To Lecture Notes
CSC 433 -- Apr 3, 2017
Review Questions
- What are some useful windows in the SAS 9.4 IDE?
Ans: Enhanced Editor, Results Viewer (HTML output), Output Window (typewriter output),
Log (shows what SAS did and any error messages), Explorer (Excel-like
spreadsheet that shows data libraries and current dataasets), Results Window (table
of contents of SAS output).
- What are some items that you can specify in an options statement?
Ans: Here is an example options statement:
options linesize=70 nodate pageno=1;
- Give four ways to specify the column for reading the next item in an input statement.
Ans: m-n (read columns m to n)
@n (move column pointer to column n)
+n (move column pointer n columns to the right)
@"GET" (move the column pointer past the string
"GET")
- Write a SAS script to verify that Jan 1, 1960 is the SAS zero date.
- What is the difference between these informats?
$10. :$10.
Write a SAS test script to verify your answer.
Ans: The second informat uses the colon modifier, which stops reading when a space is encountered.
Write a test script to verify the difference between
these two informats. Ans:
data test;
input a $10.;
output;
input a :$10.;
output;
datalines;
abcde fghijklm
abcde fghijklm
;
proc print;
run;
Output:
Obs a
1 abcde fghi
2 abcde
With the colon modifier :$10. stops the input when it
reaches a space.
- What is the output?
data numbers;
input x 3. +2 y 8.3 z 9.2;
datalines;
12345678.901234567890123456789
;
proc print;
Output:
Obs x y z
1 123 678.901 3456789.01
When x is read with the informat 3., three digits are read.
When y is read with 8.3, there is an embedded decimal point, so,
starting with 6, 8 characters are read: 678.9012; this value is then
rounded to 3 digit after the decimal.
When z is read, there is no embedded decimal point, so 9 digits are read:
345678901. Then a decimal point is positioned so that there are two digits
to the right of the decimal point.
- Explain the difference between @ and
@@. Write a SAS script to verify your answer.
Ans: @ means hold the input line until the end of the data step.
@@ means hold the input line until the data in the line are all used.
- How do you display labels as column headers in proc print output?
Ans: Use the label option:
proc print label;
D2L Quiz 1
- Work on the D2L Quiz1 in groups of 2, 3, or 4. Remember that you can take
each quiz twice.
Computing New Variables
User Defined Formats
- Instead of using an if..else statement, you can use proc format to define your own format for displaying data.

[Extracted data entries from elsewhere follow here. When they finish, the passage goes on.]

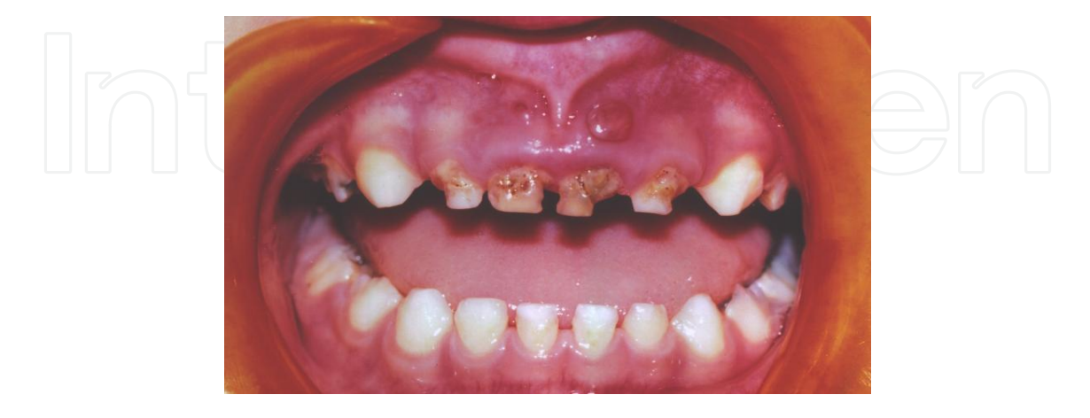
\textbf{Figure 3.} \ \, \textbf{ECC}_{d} \ \, (\text{destructive stage}) - \text{destruction of more than half the crown without affecting the incisal edge}.
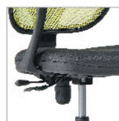
SWIVEL MECHANISM Swivel mechanism with one locking system.
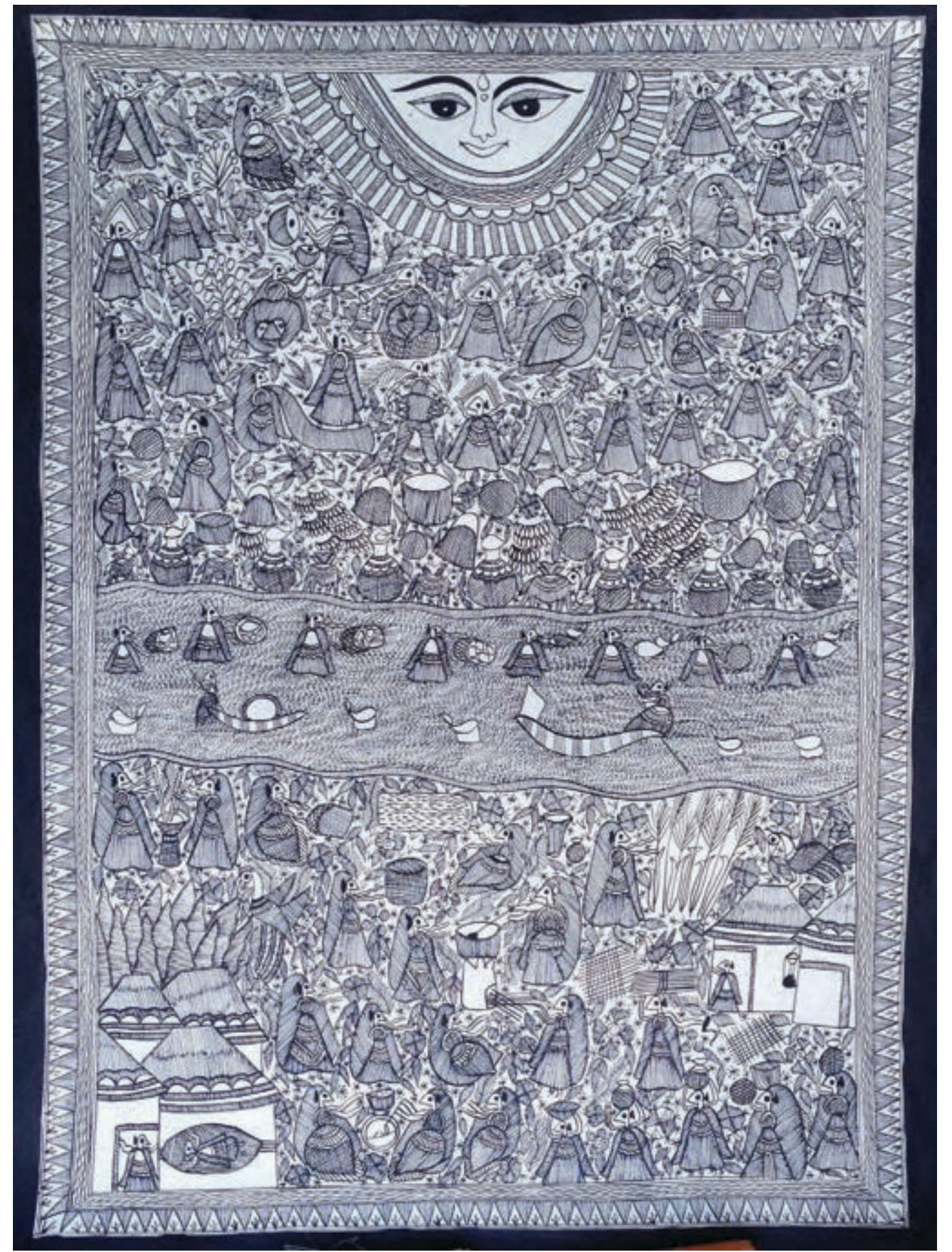
Urmilla Devi, Chhath Puja , 2014, ink on paper, 30" x 22"
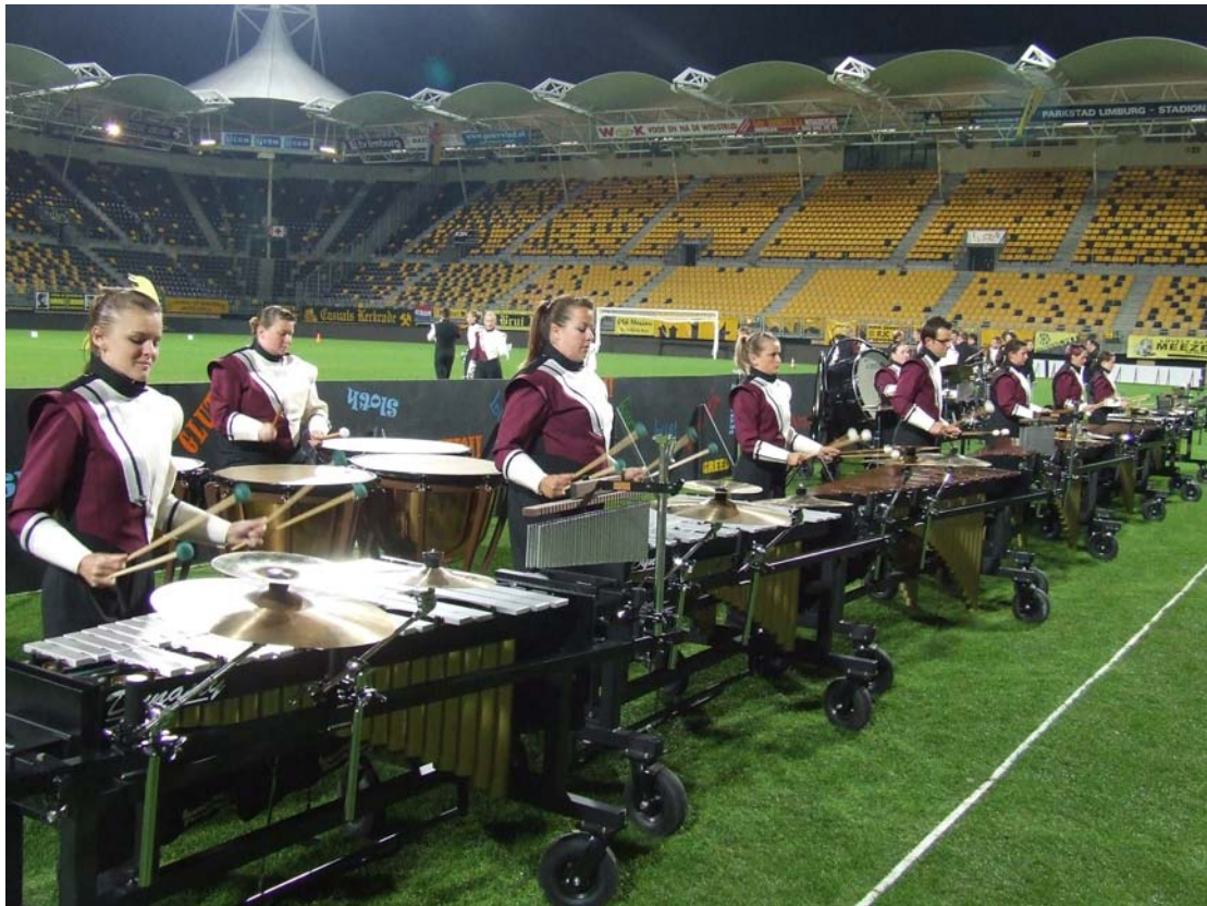
"High Front Ensemble 2006,07,08"
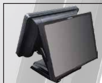
SP-820 with the 15" Bezel Free LCD (Optional)
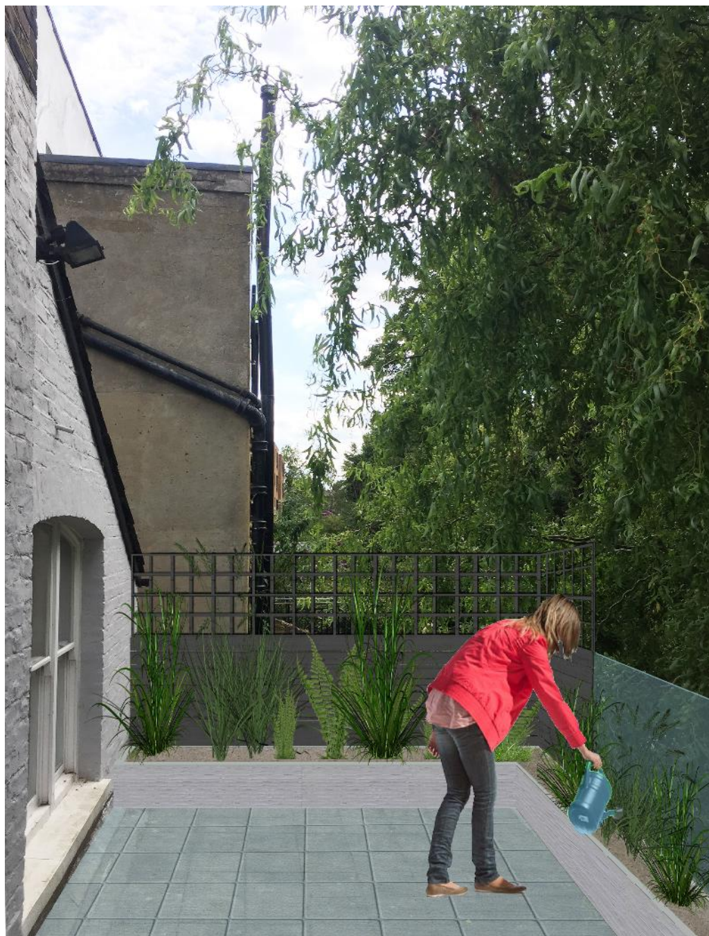
PROPOSED VIEW FROM FIRST FLOOR REAR FLAT ROOF OF 51 UPPER PARK RD
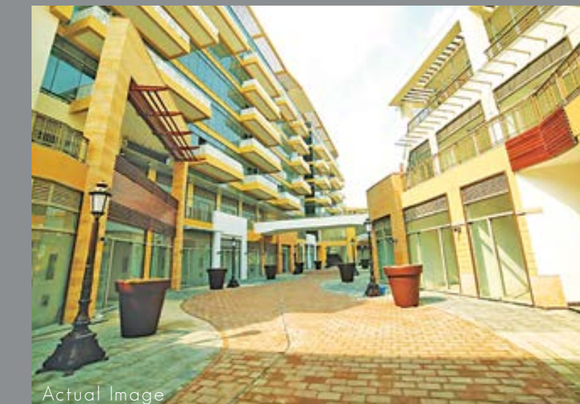
URBANA The Latest in the Evolution of Urban Business & Retail SECTOR-67, GURUGRAM
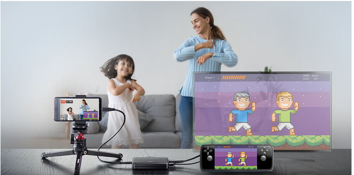
Game Capturing even for Party Games
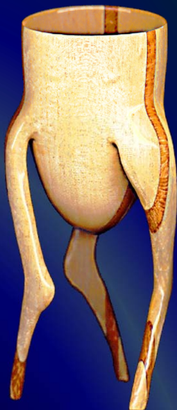
Silver Ash with Silky Oak insets

Poised between worlds, they provide glimpses into the realms of the imagination.
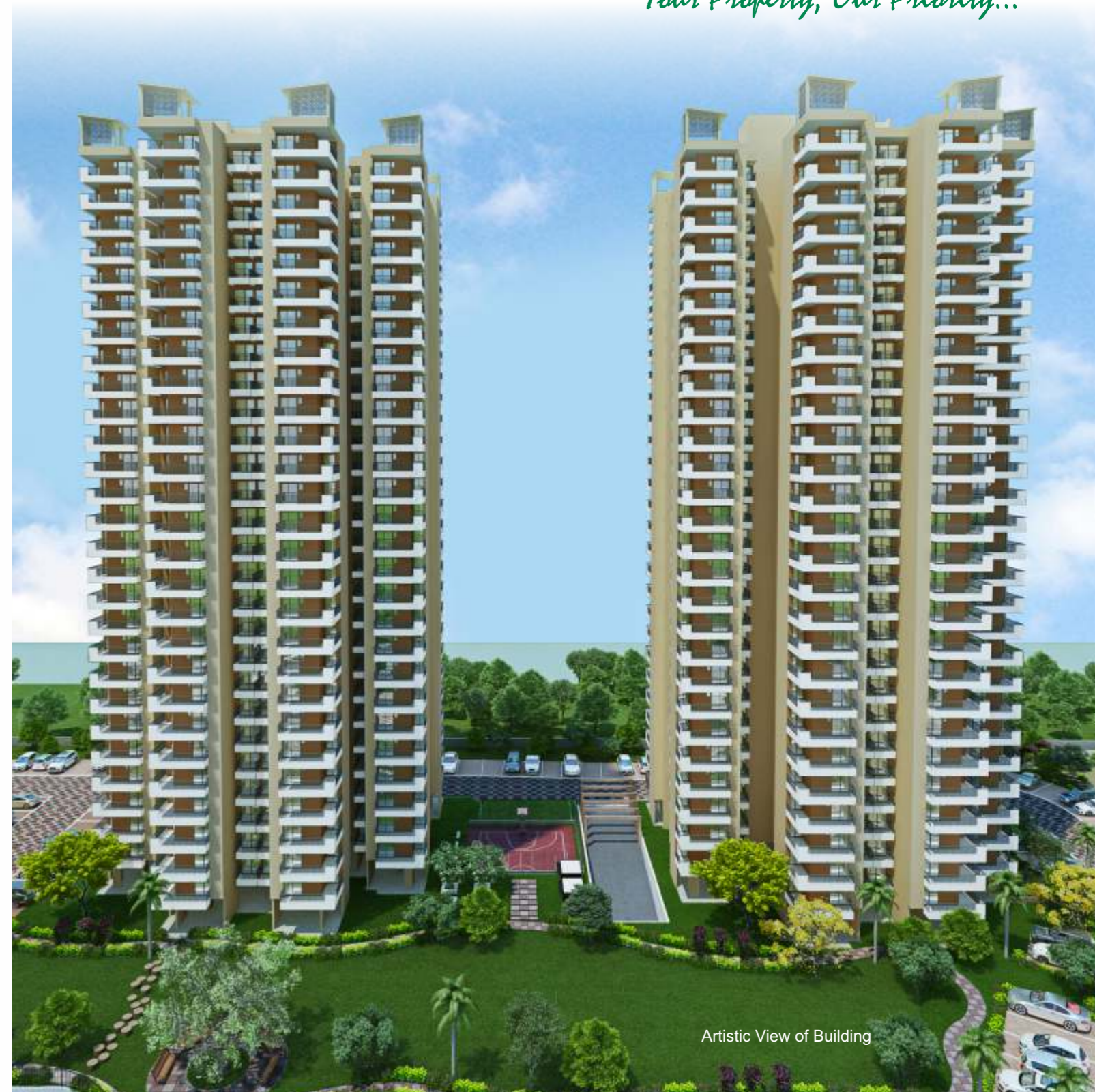
Artistic View of Building
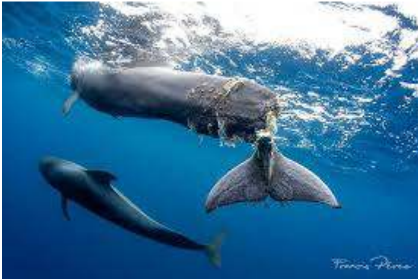
Figure 3: Short-finned pilot whale with a severed caudal peduncle due to cuts inflicted by the propeller of a small-medium sized boat. The whale was found on 24 th March 2019 within the Special Area of Conservation Teno-Rasca (SW Tenerife).

- See the Bulls Example, which displays the position with a user defined format.
Comma Delimited Files
Reading Binary Data
- Look at the Sound Example.
- Use this hex dump program to view the binary data file in the sound.bin file
in sound.zip:
- The depth of a sound file is the number of bits used to represent the sampled audio wave.
- The sound.bin file contains simulated sound intensity values of depth 8 (one byte each).
- Commercial sound systems use sound values of depth 16 or 24 sampled 44,100 to
192,000 times per second.
- Human ears cannot tell the difference between sound file depth of 24 vs. 32.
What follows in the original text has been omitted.